И она провела мыльной рукой по его мокрым всклокоченным волосам.
Потом он вымылся и вышел из ванны. Она начала вытирать его шершавым, без запаха полотенцем, поглядывая на него, и он не знал, куда деваться от смущения. Отвернувшись
— Нет, подожди, — сказала она, и в ее голосе снова прозвучала та строгость, которая появилась у нее, когда они шли по городу.
Она повела его в комнату, уложила на софу и принялась растирать и мять пальцами его кожу. Это было совсем не больно, и ему было приятно ощущать, как ее сильные, теплые руки скользят по телу. Он лежал с закрытыми глазами. Вскоре его начал одолевать сон.

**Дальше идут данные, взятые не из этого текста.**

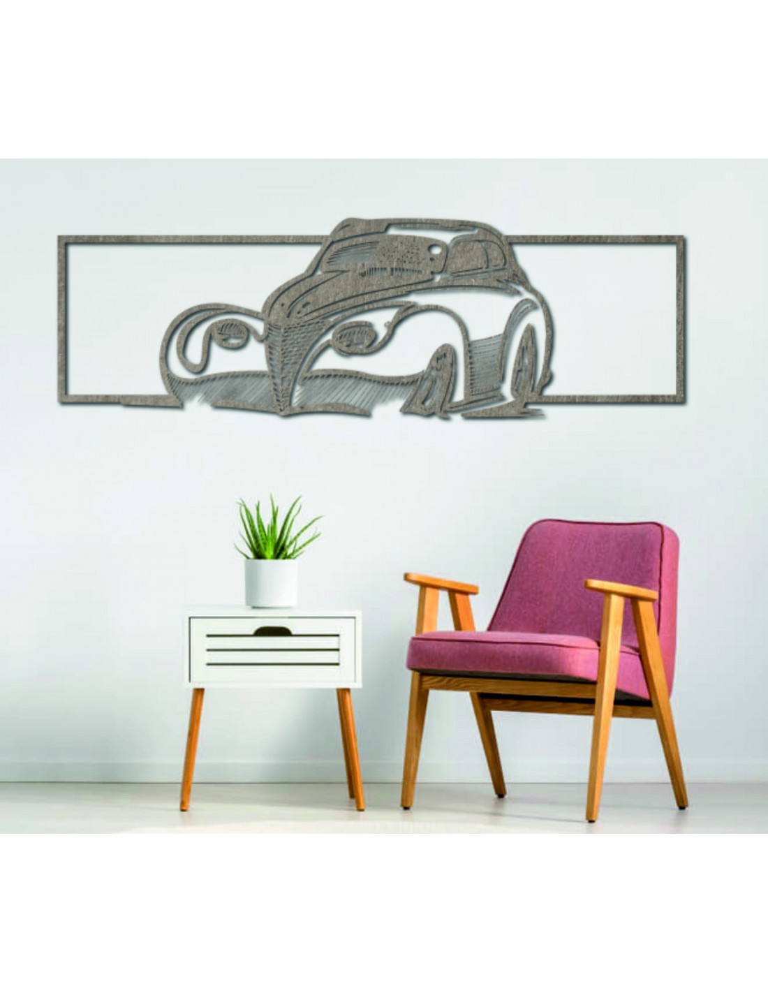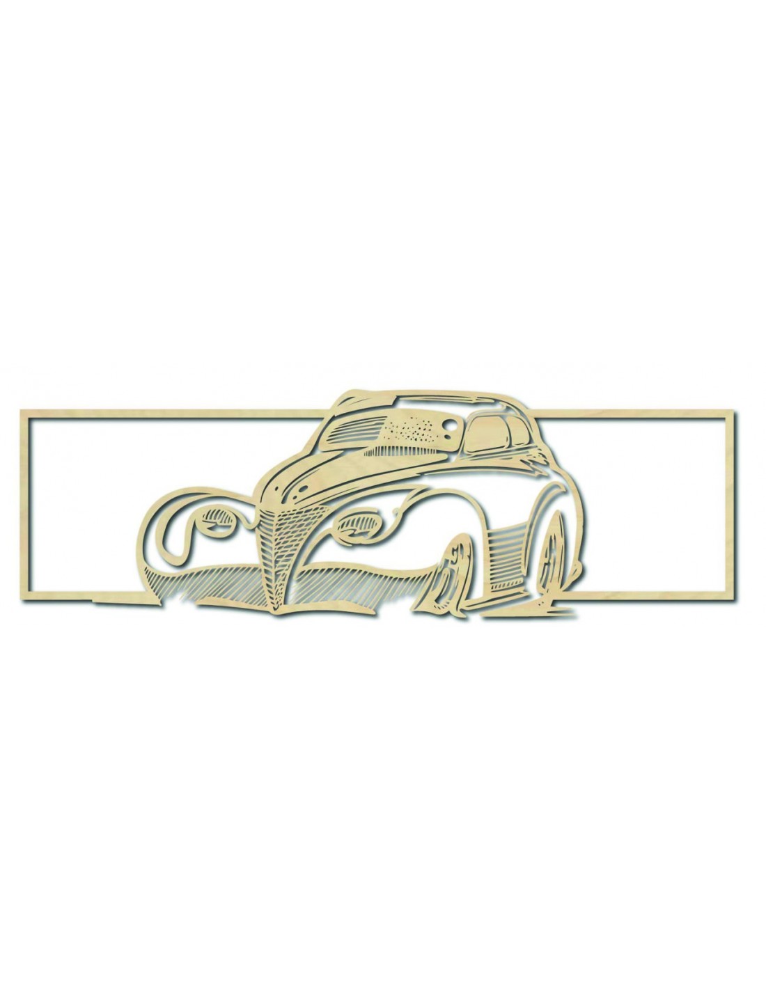 Dieses Holzbild mit Retro-Automotiv ist eine stilvolle und originelle Dekoration für Liebhaber des Vintage-Designs.

Она разминала мускулы его ног, живота, рук. Все выше и выше поднимались ее пальцы.
Она может меня так задушить, подумал он в полудреме, чувствуя тихое и вкрадчивое приближение ее пальцев.
Вот они опустились ему на шею. Он все еще лежал с закрытыми глазами. Ее руки — большой палец на горле мальчика, остальные расставлены в стороны — охватили его затылок. К голове прилила горячая волна. Он открыл глаза. Она стояла, наклонившись над ним. Ее глаза казались особенно большими и темными на бледном лице, подчеркнутом снизу воротником широкого кимоно. Ее рот не улыбался, хотя губы были слегка приоткрыты. Она отпустила его. Мальчик сделал глотательное движение, потом еще и еще раз.
Она сразу же отправила его одеваться, словно не решаясь больше смотреть на его наготу.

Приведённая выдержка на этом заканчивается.